** Opening RECORDS FOR THE TASK block **

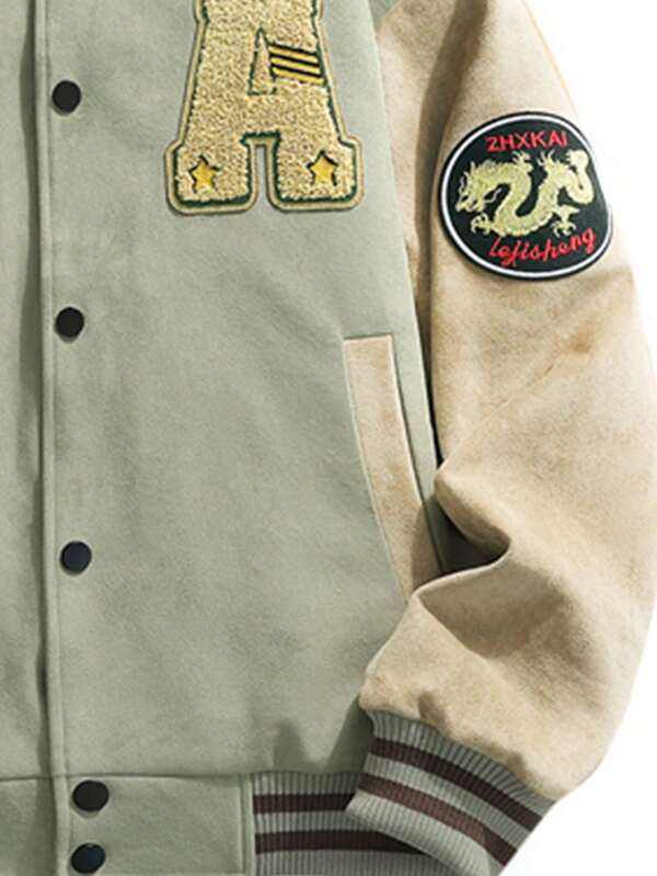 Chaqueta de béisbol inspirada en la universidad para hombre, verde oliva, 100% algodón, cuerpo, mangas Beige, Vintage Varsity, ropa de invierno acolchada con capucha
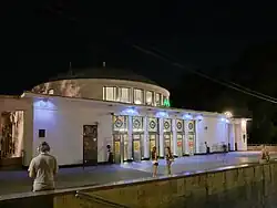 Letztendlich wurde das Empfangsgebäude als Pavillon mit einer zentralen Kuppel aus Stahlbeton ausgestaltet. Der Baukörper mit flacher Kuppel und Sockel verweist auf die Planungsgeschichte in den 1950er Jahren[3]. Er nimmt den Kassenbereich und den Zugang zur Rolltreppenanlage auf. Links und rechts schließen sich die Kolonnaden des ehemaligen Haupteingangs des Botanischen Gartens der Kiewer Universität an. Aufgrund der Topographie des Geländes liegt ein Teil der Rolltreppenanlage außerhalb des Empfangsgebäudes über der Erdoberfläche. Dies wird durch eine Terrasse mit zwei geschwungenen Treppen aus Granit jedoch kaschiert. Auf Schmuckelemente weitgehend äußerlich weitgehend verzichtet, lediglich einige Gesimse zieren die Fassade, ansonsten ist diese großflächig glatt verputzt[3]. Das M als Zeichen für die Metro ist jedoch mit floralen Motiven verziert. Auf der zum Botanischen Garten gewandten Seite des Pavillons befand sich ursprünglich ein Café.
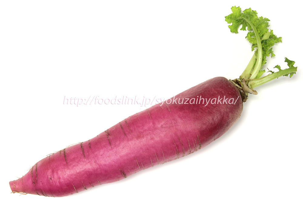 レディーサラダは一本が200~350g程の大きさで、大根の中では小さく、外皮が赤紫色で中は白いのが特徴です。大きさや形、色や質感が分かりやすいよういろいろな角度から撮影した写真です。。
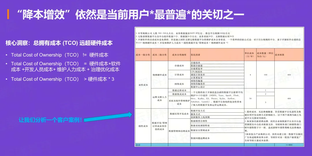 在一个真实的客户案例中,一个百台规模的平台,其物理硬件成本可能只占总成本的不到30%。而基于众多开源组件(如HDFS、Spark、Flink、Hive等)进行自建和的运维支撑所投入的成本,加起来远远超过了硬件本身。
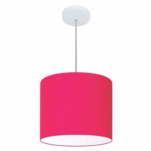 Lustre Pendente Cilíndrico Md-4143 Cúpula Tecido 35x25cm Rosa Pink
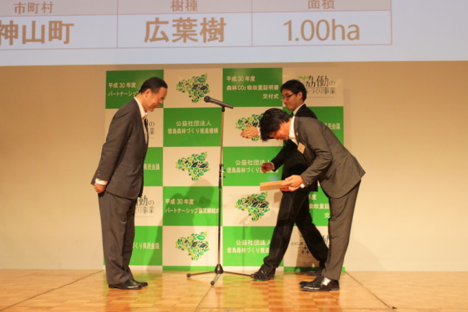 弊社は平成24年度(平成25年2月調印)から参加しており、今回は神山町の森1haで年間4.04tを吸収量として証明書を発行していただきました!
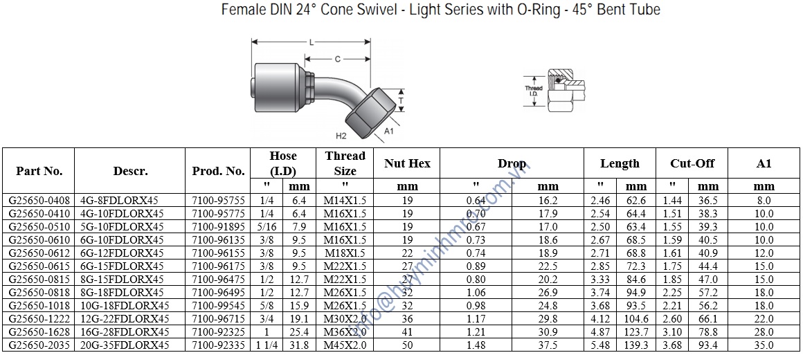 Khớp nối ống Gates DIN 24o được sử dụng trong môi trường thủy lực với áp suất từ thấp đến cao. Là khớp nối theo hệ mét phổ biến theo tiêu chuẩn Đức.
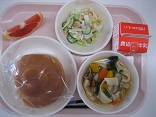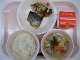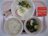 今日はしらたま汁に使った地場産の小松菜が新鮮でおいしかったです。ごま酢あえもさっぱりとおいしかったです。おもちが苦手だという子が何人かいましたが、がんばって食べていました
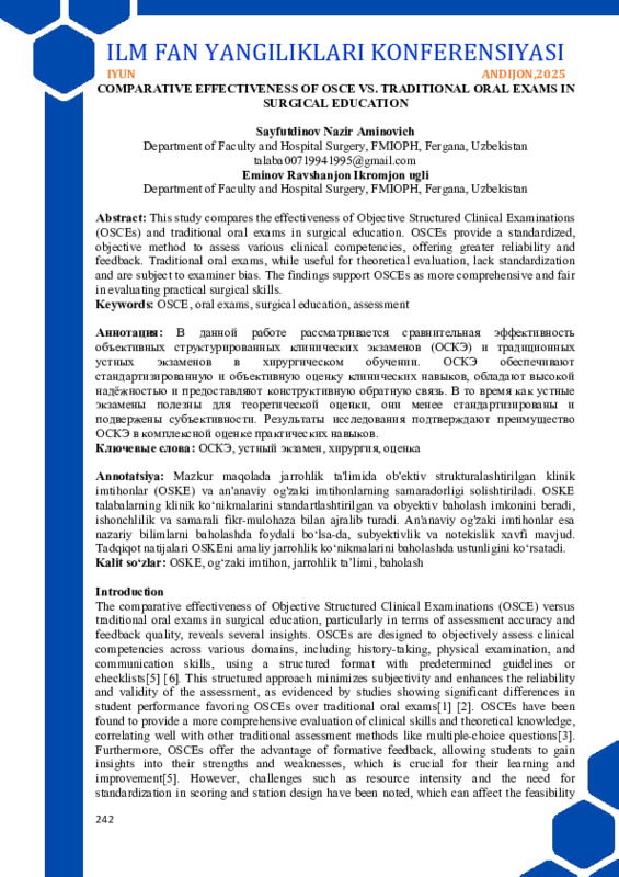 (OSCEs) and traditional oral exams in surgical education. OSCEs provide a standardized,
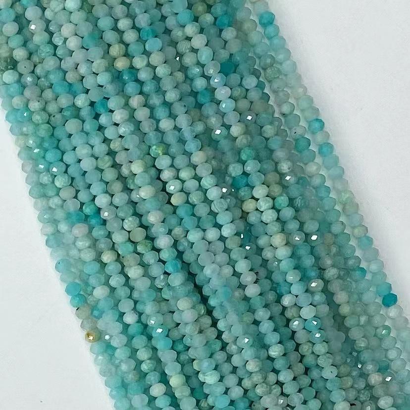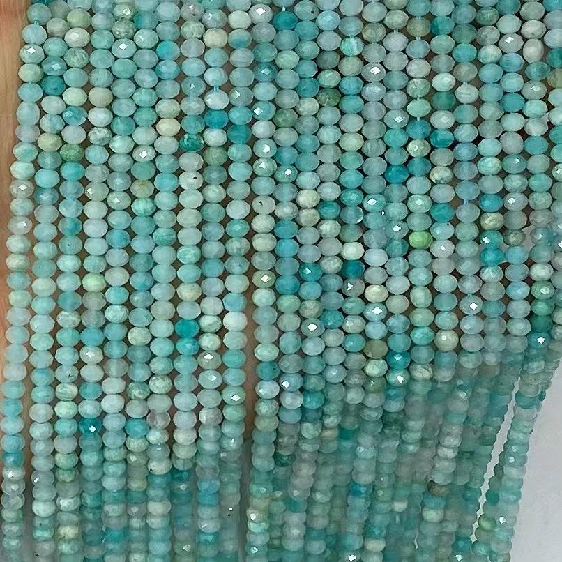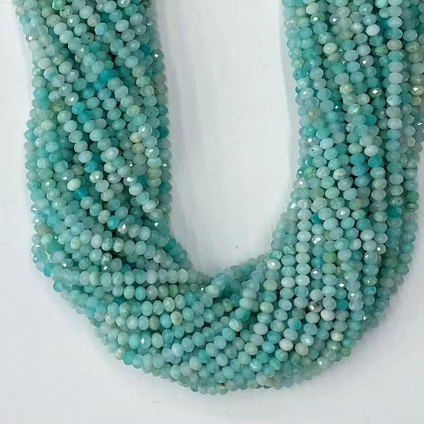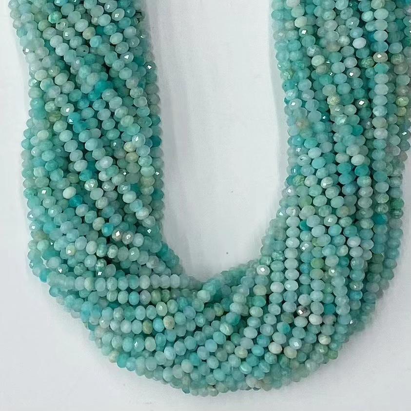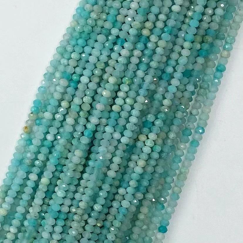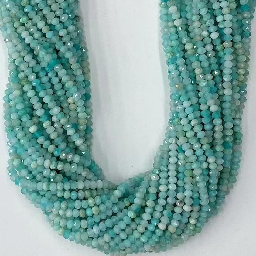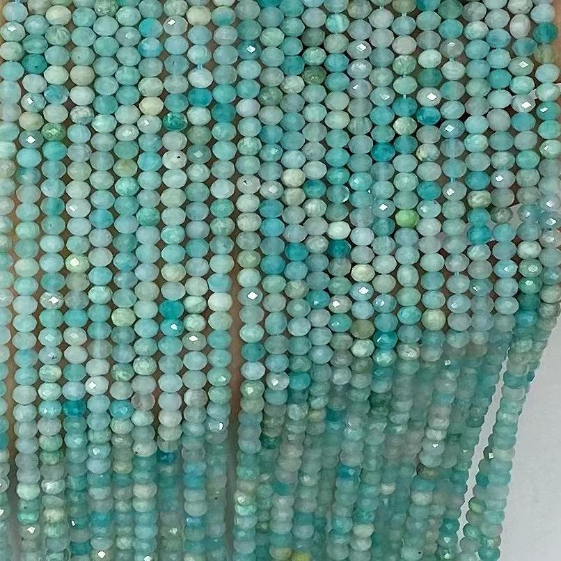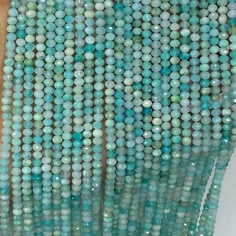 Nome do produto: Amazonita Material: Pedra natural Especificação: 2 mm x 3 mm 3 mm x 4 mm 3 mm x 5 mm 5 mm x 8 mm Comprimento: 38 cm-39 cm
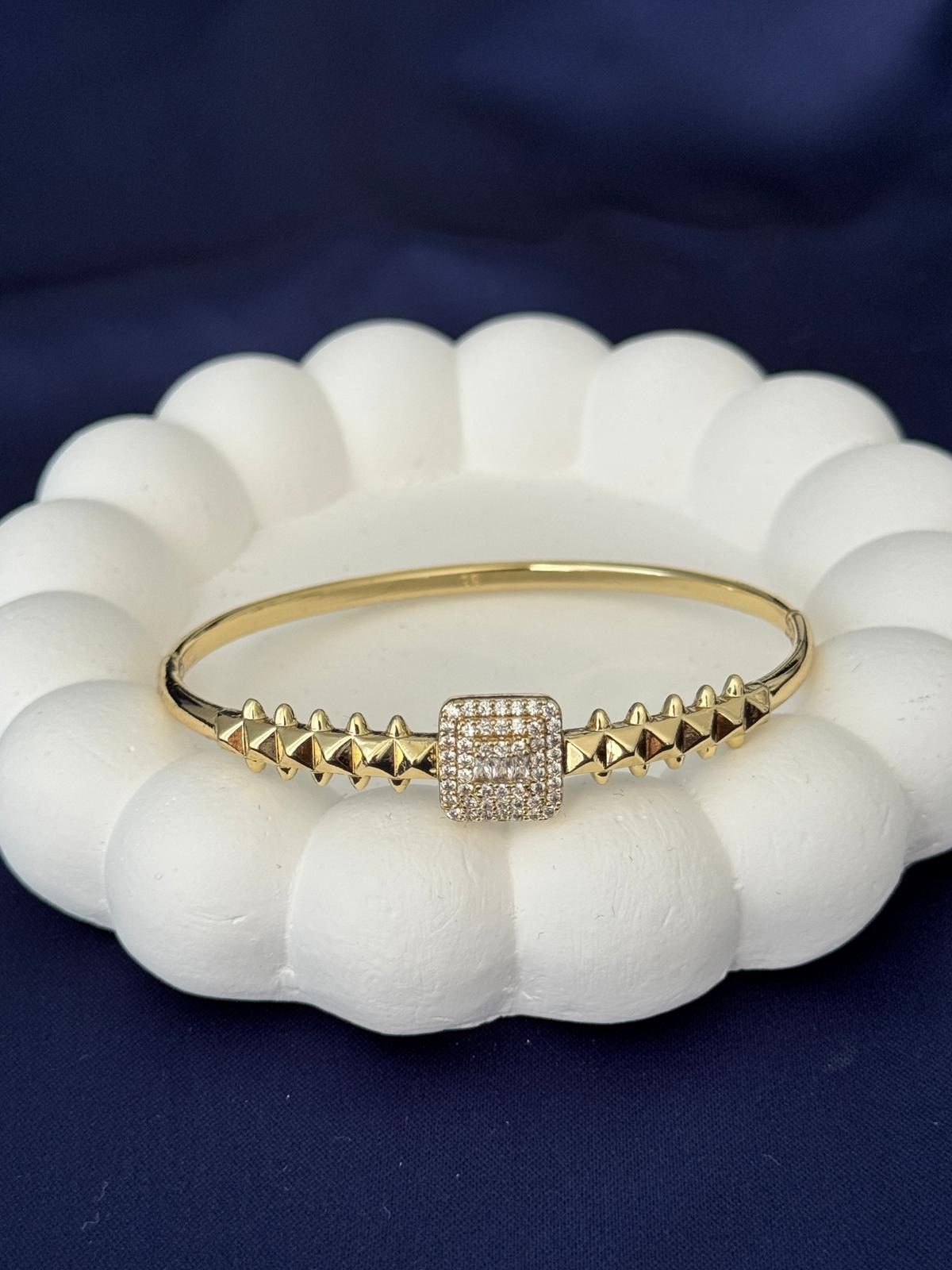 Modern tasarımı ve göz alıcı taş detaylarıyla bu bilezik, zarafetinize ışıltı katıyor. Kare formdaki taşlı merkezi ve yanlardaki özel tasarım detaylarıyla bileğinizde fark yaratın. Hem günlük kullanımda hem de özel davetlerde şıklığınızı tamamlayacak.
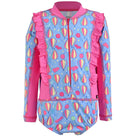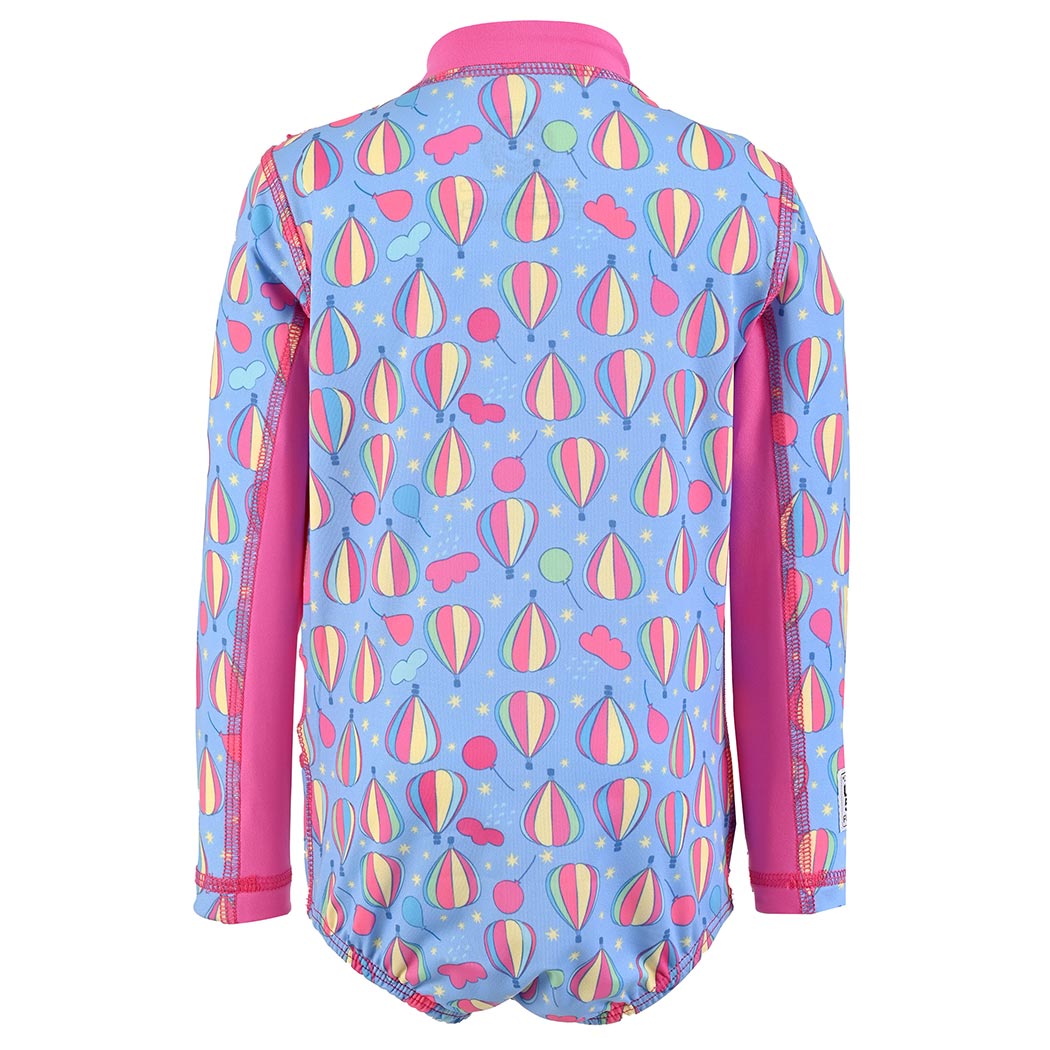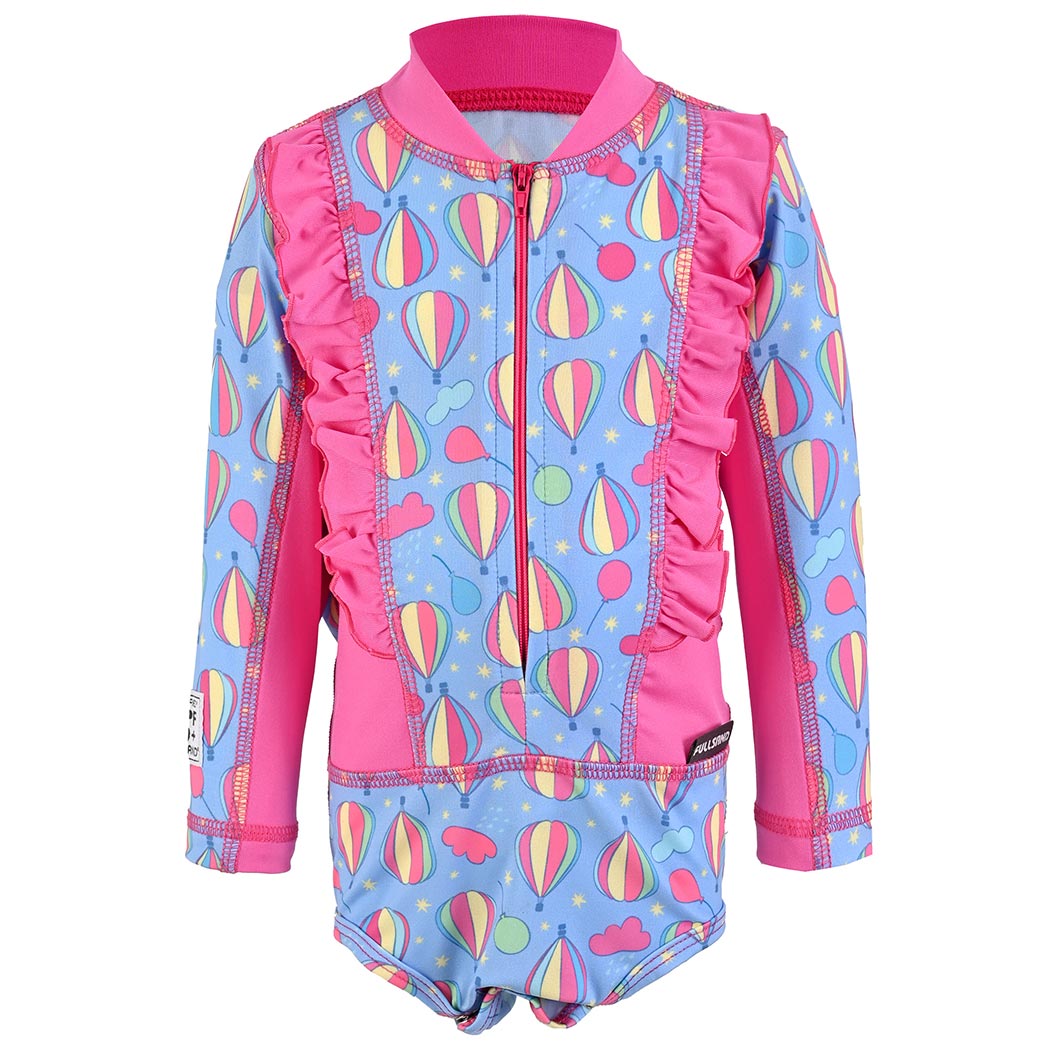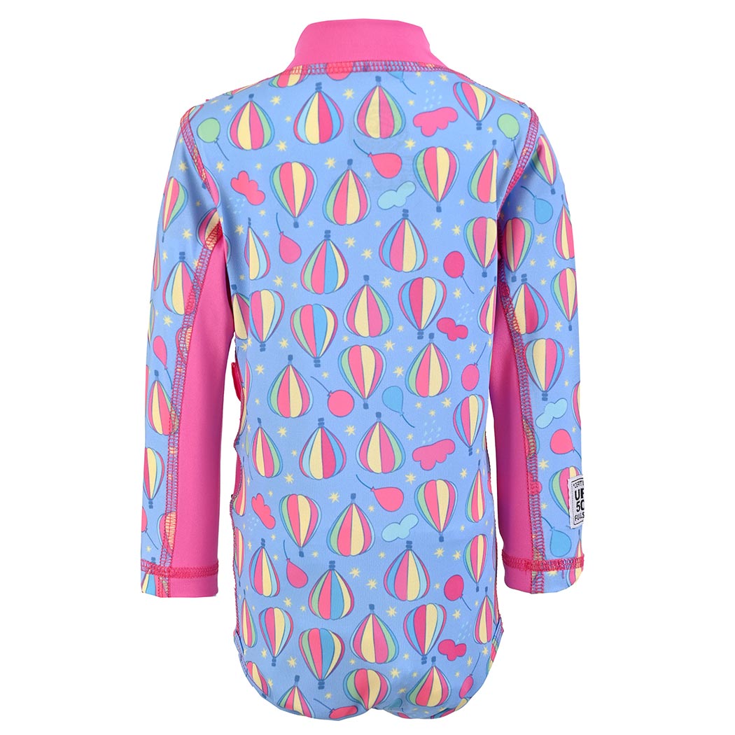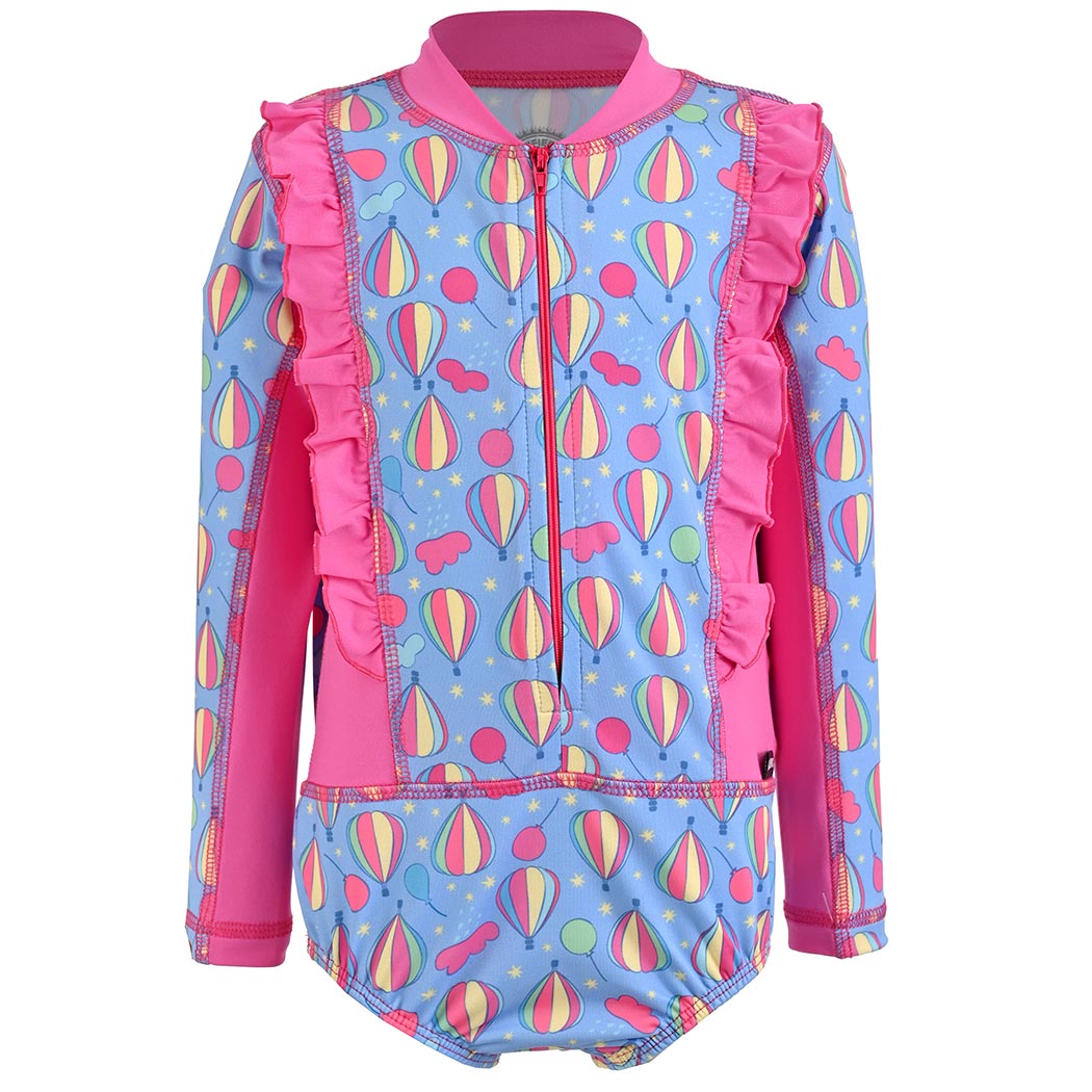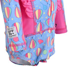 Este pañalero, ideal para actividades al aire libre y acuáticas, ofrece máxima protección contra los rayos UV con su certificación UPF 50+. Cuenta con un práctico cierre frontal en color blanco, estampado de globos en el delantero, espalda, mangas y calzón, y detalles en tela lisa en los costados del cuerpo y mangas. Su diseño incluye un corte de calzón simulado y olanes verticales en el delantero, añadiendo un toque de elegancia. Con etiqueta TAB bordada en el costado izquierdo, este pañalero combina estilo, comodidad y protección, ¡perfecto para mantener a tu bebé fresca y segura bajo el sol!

** Closing RECORDS FOR THE TASK block **

Write out the whole listing above exactly, minus images.

 Chaqueta de béisbol inspirada en la universidad para hombre, verde oliva, 100% algodón, cuerpo, mangas Beige, Vintage Varsity, ropa de invierno acolchada con capucha
 Letztendlich wurde das Empfangsgebäude als Pavillon mit einer zentralen Kuppel aus Stahlbeton ausgestaltet. Der Baukörper mit flacher Kuppel und Sockel verweist auf die Planungsgeschichte in den 1950er Jahren[3]. Er nimmt den Kassenbereich und den Zugang zur Rolltreppenanlage auf. Links und rechts schließen sich die Kolonnaden des ehemaligen Haupteingangs des Botanischen Gartens der Kiewer Universität an. Aufgrund der Topographie des Geländes liegt ein Teil der Rolltreppenanlage außerhalb des Empfangsgebäudes über der Erdoberfläche. Dies wird durch eine Terrasse mit zwei geschwungenen Treppen aus Granit jedoch kaschiert. Auf Schmuckelemente weitgehend äußerlich weitgehend verzichtet, lediglich einige Gesimse zieren die Fassade, ansonsten ist diese großflächig glatt verputzt[3]. Das M als Zeichen für die Metro ist jedoch mit floralen Motiven verziert. Auf der zum Botanischen Garten gewandten Seite des Pavillons befand sich ursprünglich ein Café.
 レディーサラダは一本が200~350g程の大きさで、大根の中では小さく、外皮が赤紫色で中は白いのが特徴です。大きさや形、色や質感が分かりやすいよういろいろな角度から撮影した写真です。。
 在一个真实的客户案例中,一个百台规模的平台,其物理硬件成本可能只占总成本的不到30%。而基于众多开源组件(如HDFS、Spark、Flink、Hive等)进行自建和的运维支撑所投入的成本,加起来远远超过了硬件本身。
 Lustre Pendente Cilíndrico Md-4143 Cúpula Tecido 35x25cm Rosa Pink
 弊社は平成24年度(平成25年2月調印)から参加しており、今回は神山町の森1haで年間4.04tを吸収量として証明書を発行していただきました!
 Khớp nối ống Gates DIN 24o được sử dụng trong môi trường thủy lực với áp suất từ thấp đến cao. Là khớp nối theo hệ mét phổ biến theo tiêu chuẩn Đức.
 今日はしらたま汁に使った地場産の小松菜が新鮮でおいしかったです。ごま酢あえもさっぱりとおいしかったです。おもちが苦手だという子が何人かいましたが、がんばって食べていました
 (OSCEs) and traditional oral exams in surgical education. OSCEs provide a standardized,
 Nome do produto: Amazonita Material: Pedra natural Especificação: 2 mm x 3 mm 3 mm x 4 mm 3 mm x 5 mm 5 mm x 8 mm Comprimento: 38 cm-39 cm
 Modern tasarımı ve göz alıcı taş detaylarıyla bu bilezik, zarafetinize ışıltı katıyor. Kare formdaki taşlı merkezi ve yanlardaki özel tasarım detaylarıyla bileğinizde fark yaratın. Hem günlük kullanımda hem de özel davetlerde şıklığınızı tamamlayacak.
 Este pañalero, ideal para actividades al aire libre y acuáticas, ofrece máxima protección contra los rayos UV con su certificación UPF 50+. Cuenta con un práctico cierre frontal en color blanco, estampado de globos en el delantero, espalda, mangas y calzón, y detalles en tela lisa en los costados del cuerpo y mangas. Su diseño incluye un corte de calzón simulado y olanes verticales en el delantero, añadiendo un toque de elegancia. Con etiqueta TAB bordada en el costado izquierdo, este pañalero combina estilo, comodidad y protección, ¡perfecto para mantener a tu bebé fresca y segura bajo el sol!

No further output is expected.